MATERIAL SUPPLIED:
──────────

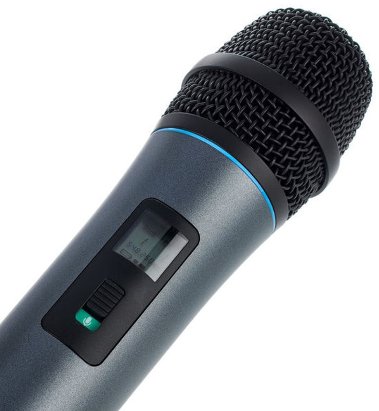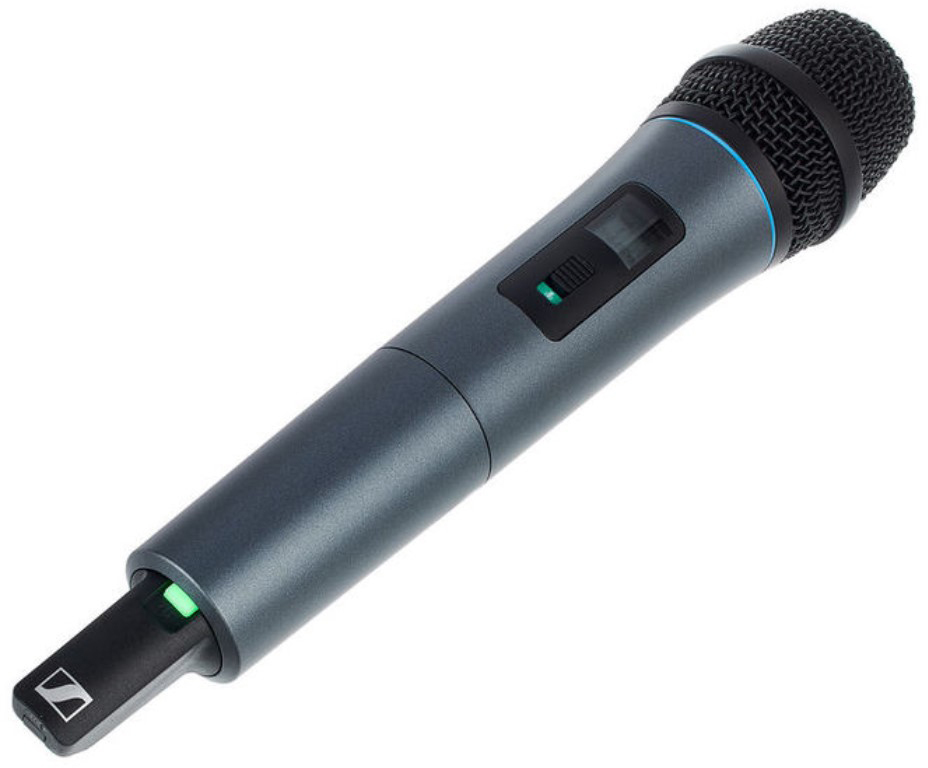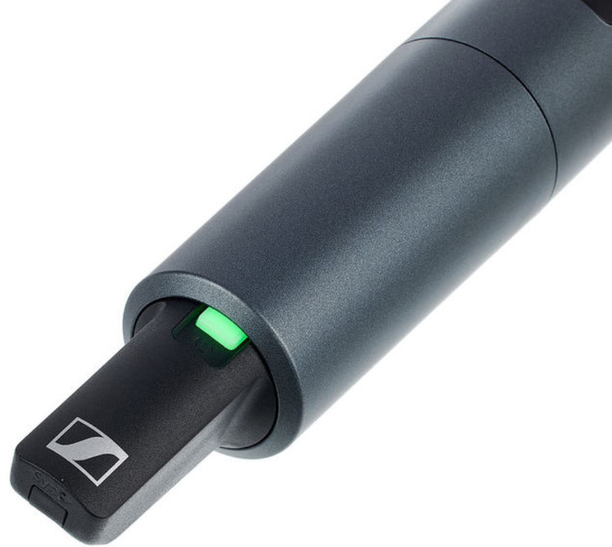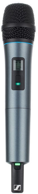 Ручной передатчик SKM 825-XSW также представлен в корпусе из ABS-пластика. Он оснащен динамическим типом капсюля, который обладает низкой входной чувствительностью и наиболее уместен при использовании в концертных условиях, где высок уровень окружающего шума. Разборчивому и чистому тембру также способствует кардиоидная диаграмма направленности, которая остается чувствительной лишь к сигналам спереди от капсюля, подавляя все звуки по сторонам и сзади от него. Микрофон способен озвучить диапазон частот от 80 Гц до 14 кГц. Выходная мощность устройства равняется 10 мВт, а на корпусе располагаются переключатель чувствительности с положениями 0, 10, 20 и 30 дБ, кнопка Mute и ЖК-дисплей, отображающий номер выбранного канала и остаток заряда. Питание осуществляется от двух батареек типа АА, время работы может достигать 10 часов.
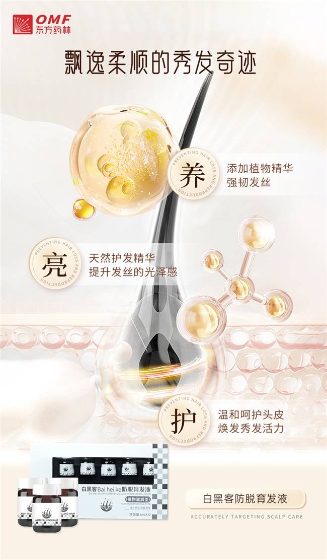 东方药林始终坚持以用户需求为核心,将传统草本精华与现代科技完美融合,为您带来更天然、更安全的护发体验。我们相信,飘逸柔顺的秀发是自信的源泉,而魔法丝白黑客防脱育发液正是我们为您精心打造的护发臻品,让您随时随地绽放头发的自然之美!
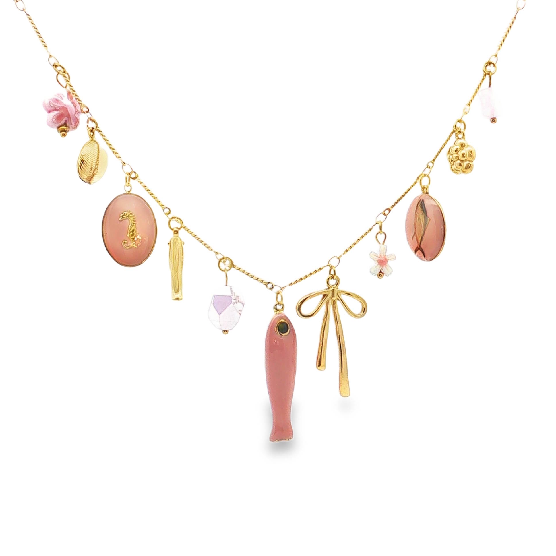 Ce collier en acier inoxydable, au fini doré éclatant, est une véritable célébration de l’esthétique balnéaire et poétique. Il se distingue par son accumulation de pendentifs variés qui capturent l'essence même de l'été et de la mer.
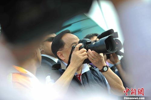11月23日上午,廣州亞運會公路自行車女子個人賽開戰。香港特區行政長官曾蔭權到場觀戰,并舉起相機拍攝開賽的精彩畫面。 中新社記者 柯小軍 攝
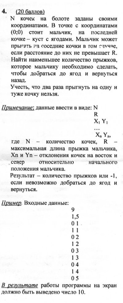 - координаты кочек - целые числа; - не существует двух кочек с одинаковыми координатами; - мальчик стоит на кочке; - ягода - клюква. Решение задачи №4. program Prob4; P.S. Ужасно оформлены условия - трактуй как хочешь! Жуть... Сообщение отредактировано: volvo - 7.11.2006 17:22 -------------------- The idiots are winning.
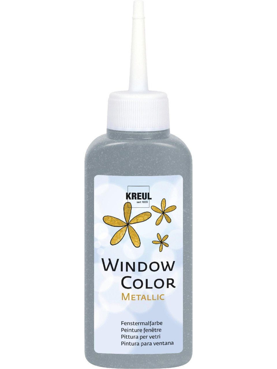 Produktdetails: Farbe: silber | Menge: 80 ml | Auf Wasserbasis | Farbton schimmert metallisch | Fensterbilder lassen sich einfach rückstandslos wieder abziehen | Flasche mit feiner Malspitze |
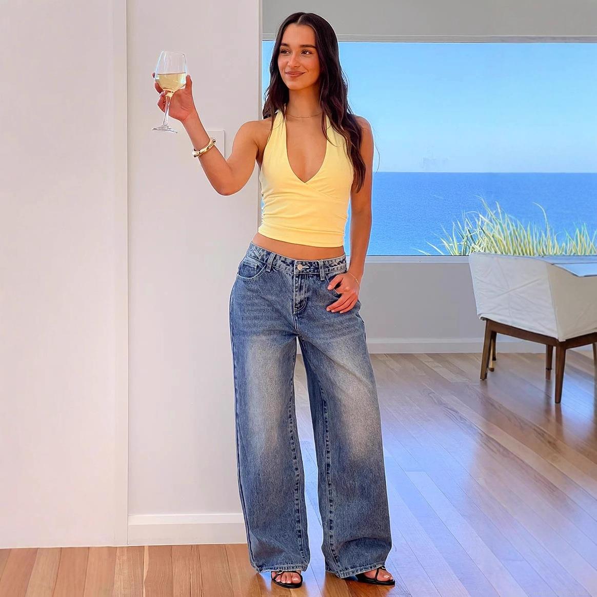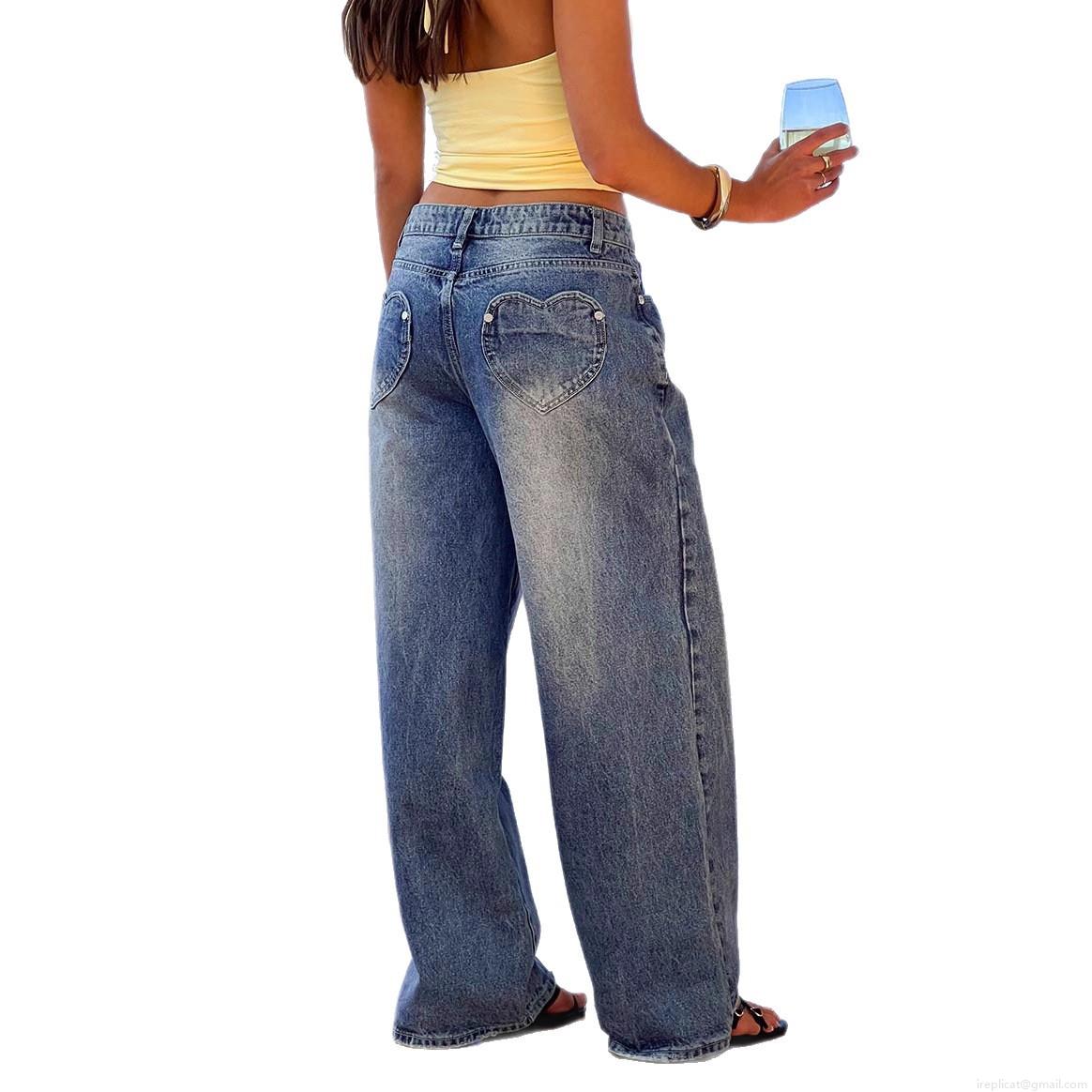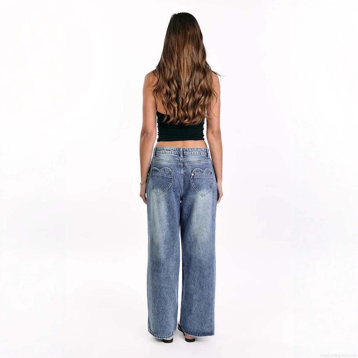 • Women's Vintage Washed Cotton Blend Denim Wide Leg Jeans Featuring Heart Shaped Back Pockets Loose Fit High Waist Streetwear Long Pants For Women Casual Daily Vacation
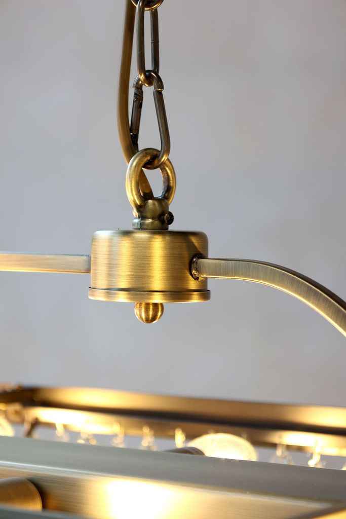 Chiq Antique Versailles ljuskrona är en elegant och sofistikerad belysningslösning för ditt hem. Med en finish i antik mässing erbjuder denna ljuskrona en tidlös charm som kompletterar både klassiska och moderna inredningar. Ljuskronan har droppformade glasprismor som fångar och bryter ljuset på ett spektakulärt sätt, vilket skapar en inbjudande och lyxig atmosfär i rummet.
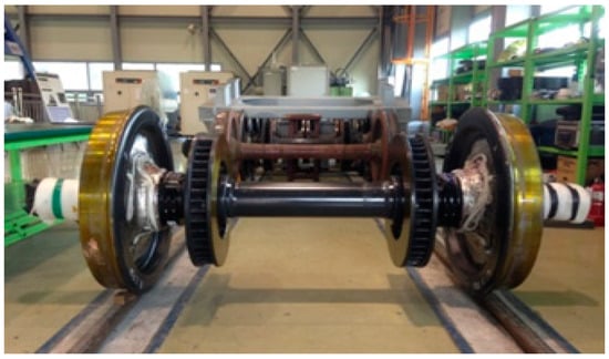 To measure the lateral force and the derailment coefficient of the wheel, a measuring wheelset was manufactured to measure the lateral and vertical force applied to the wheel and it was installed on the active steering bogie []. Figure 10 shows the measuring wheelset to measure wheel forces such as wheel lateral force and derailment coefficient. The method of measuring the action force applied to the wheels of a railway vehicle proposed by Ham was used [].
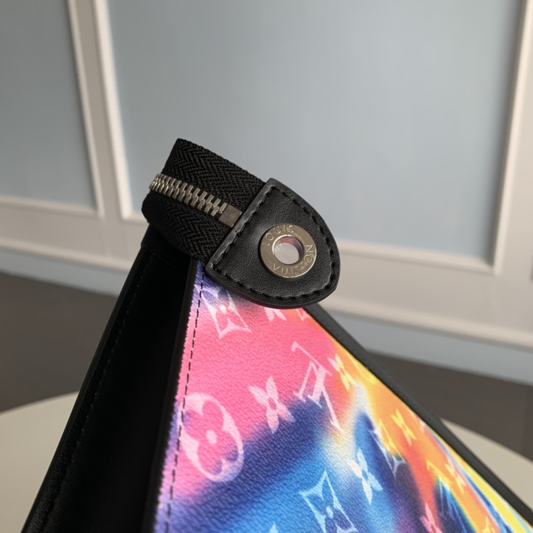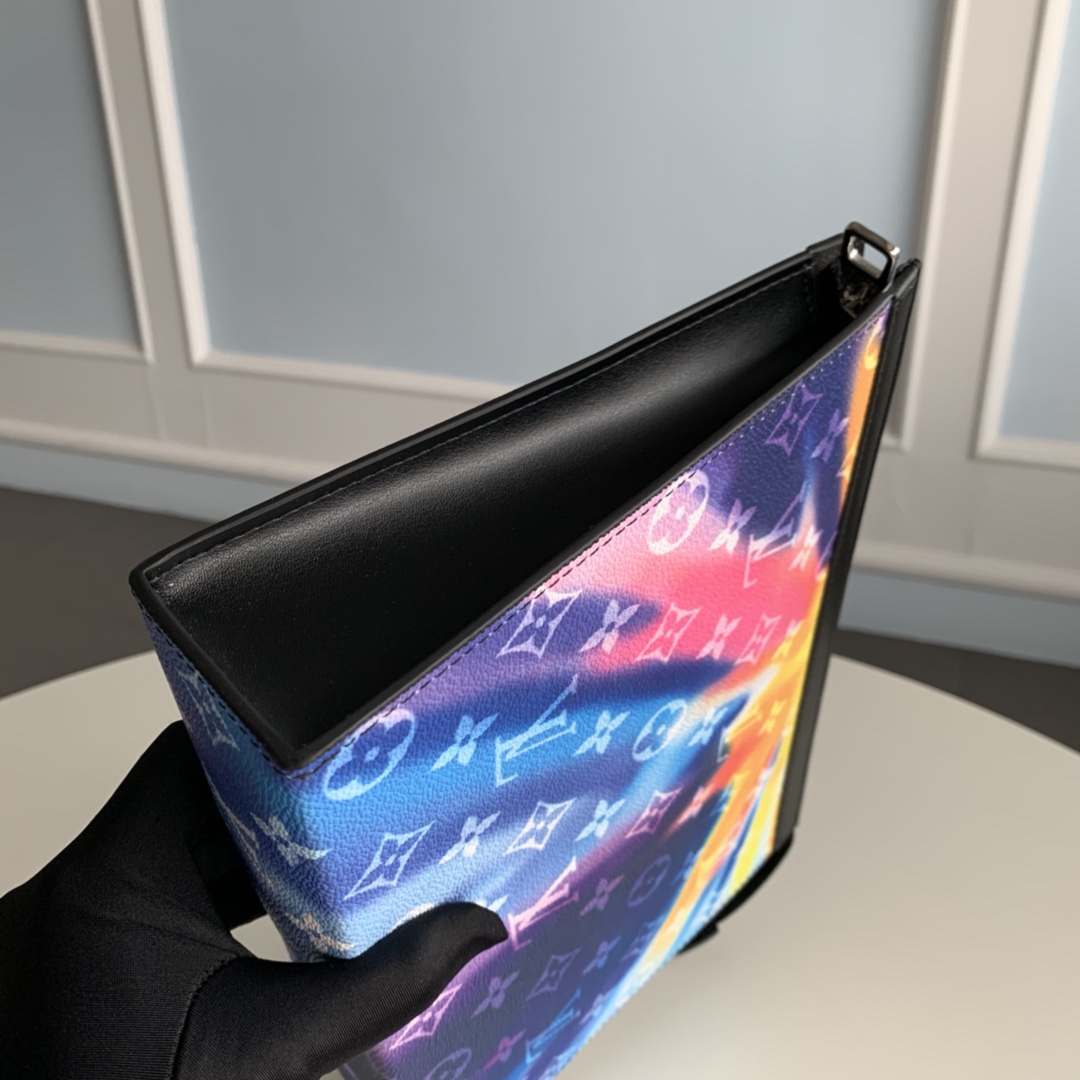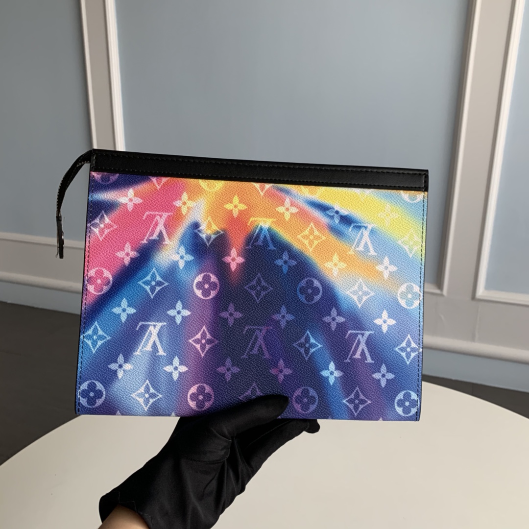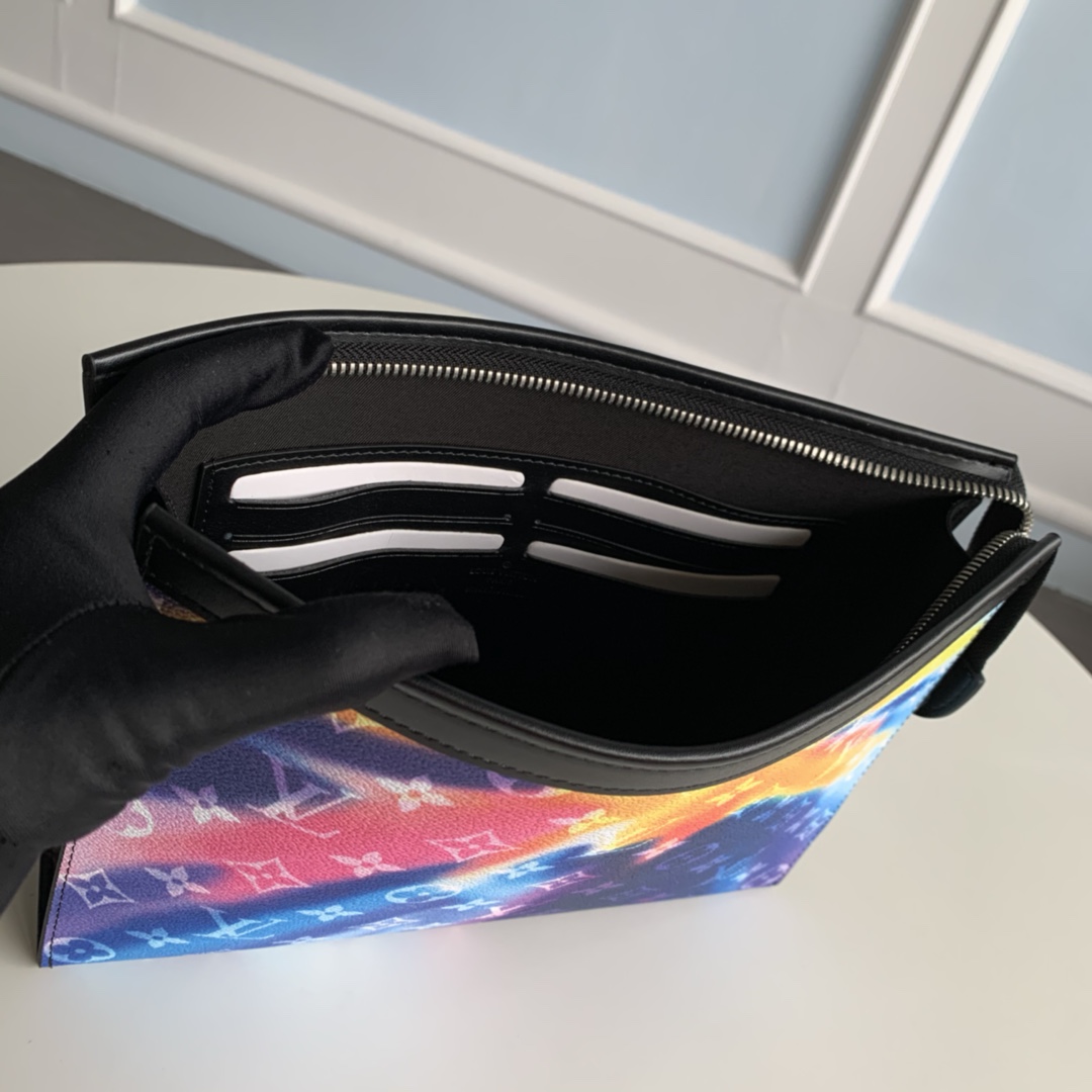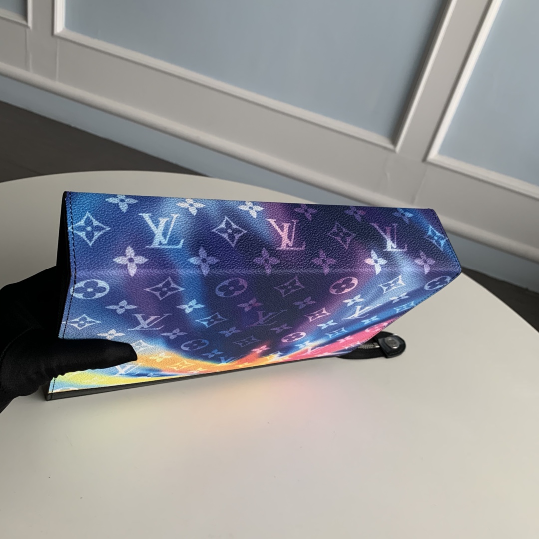 M61692極光 Virgil Abloh 於 2021-22 秋冬繫列重塑 Pochette Voyage 中號手拿包,以復古 Monogram 帆佈微妙呈現不規則 Monogram 圖案,同時醒目抒寫 louis vuitton! 標識。可作為旅行收納包置於其他手袋,亦可化身手持文件夾。 尺寸27 x 21 x 6 cm

──────────

TASK TO CARRY OUT: Copy out the listing word for word and skip its pictures.

RESPONSE BOX:
 Ручной передатчик SKM 825-XSW также представлен в корпусе из ABS-пластика. Он оснащен динамическим типом капсюля, который обладает низкой входной чувствительностью и наиболее уместен при использовании в концертных условиях, где высок уровень окружающего шума. Разборчивому и чистому тембру также способствует кардиоидная диаграмма направленности, которая остается чувствительной лишь к сигналам спереди от капсюля, подавляя все звуки по сторонам и сзади от него. Микрофон способен озвучить диапазон частот от 80 Гц до 14 кГц. Выходная мощность устройства равняется 10 мВт, а на корпусе располагаются переключатель чувствительности с положениями 0, 10, 20 и 30 дБ, кнопка Mute и ЖК-дисплей, отображающий номер выбранного канала и остаток заряда. Питание осуществляется от двух батареек типа АА, время работы может достигать 10 часов.
 东方药林始终坚持以用户需求为核心,将传统草本精华与现代科技完美融合,为您带来更天然、更安全的护发体验。我们相信,飘逸柔顺的秀发是自信的源泉,而魔法丝白黑客防脱育发液正是我们为您精心打造的护发臻品,让您随时随地绽放头发的自然之美!
 Ce collier en acier inoxydable, au fini doré éclatant, est une véritable célébration de l’esthétique balnéaire et poétique. Il se distingue par son accumulation de pendentifs variés qui capturent l'essence même de l'été et de la mer.
11月23日上午,廣州亞運會公路自行車女子個人賽開戰。香港特區行政長官曾蔭權到場觀戰,并舉起相機拍攝開賽的精彩畫面。 中新社記者 柯小軍 攝
 - координаты кочек - целые числа; - не существует двух кочек с одинаковыми координатами; - мальчик стоит на кочке; - ягода - клюква. Решение задачи №4. program Prob4; P.S. Ужасно оформлены условия - трактуй как хочешь! Жуть... Сообщение отредактировано: volvo - 7.11.2006 17:22 -------------------- The idiots are winning.
 Produktdetails: Farbe: silber | Menge: 80 ml | Auf Wasserbasis | Farbton schimmert metallisch | Fensterbilder lassen sich einfach rückstandslos wieder abziehen | Flasche mit feiner Malspitze |
 • Women's Vintage Washed Cotton Blend Denim Wide Leg Jeans Featuring Heart Shaped Back Pockets Loose Fit High Waist Streetwear Long Pants For Women Casual Daily Vacation
 Chiq Antique Versailles ljuskrona är en elegant och sofistikerad belysningslösning för ditt hem. Med en finish i antik mässing erbjuder denna ljuskrona en tidlös charm som kompletterar både klassiska och moderna inredningar. Ljuskronan har droppformade glasprismor som fångar och bryter ljuset på ett spektakulärt sätt, vilket skapar en inbjudande och lyxig atmosfär i rummet.
 To measure the lateral force and the derailment coefficient of the wheel, a measuring wheelset was manufactured to measure the lateral and vertical force applied to the wheel and it was installed on the active steering bogie []. Figure 10 shows the measuring wheelset to measure wheel forces such as wheel lateral force and derailment coefficient. The method of measuring the action force applied to the wheels of a railway vehicle proposed by Ham was used [].
 M61692極光 Virgil Abloh 於 2021-22 秋冬繫列重塑 Pochette Voyage 中號手拿包,以復古 Monogram 帆佈微妙呈現不規則 Monogram 圖案,同時醒目抒寫 louis vuitton! 標識。可作為旅行收納包置於其他手袋,亦可化身手持文件夾。 尺寸27 x 21 x 6 cm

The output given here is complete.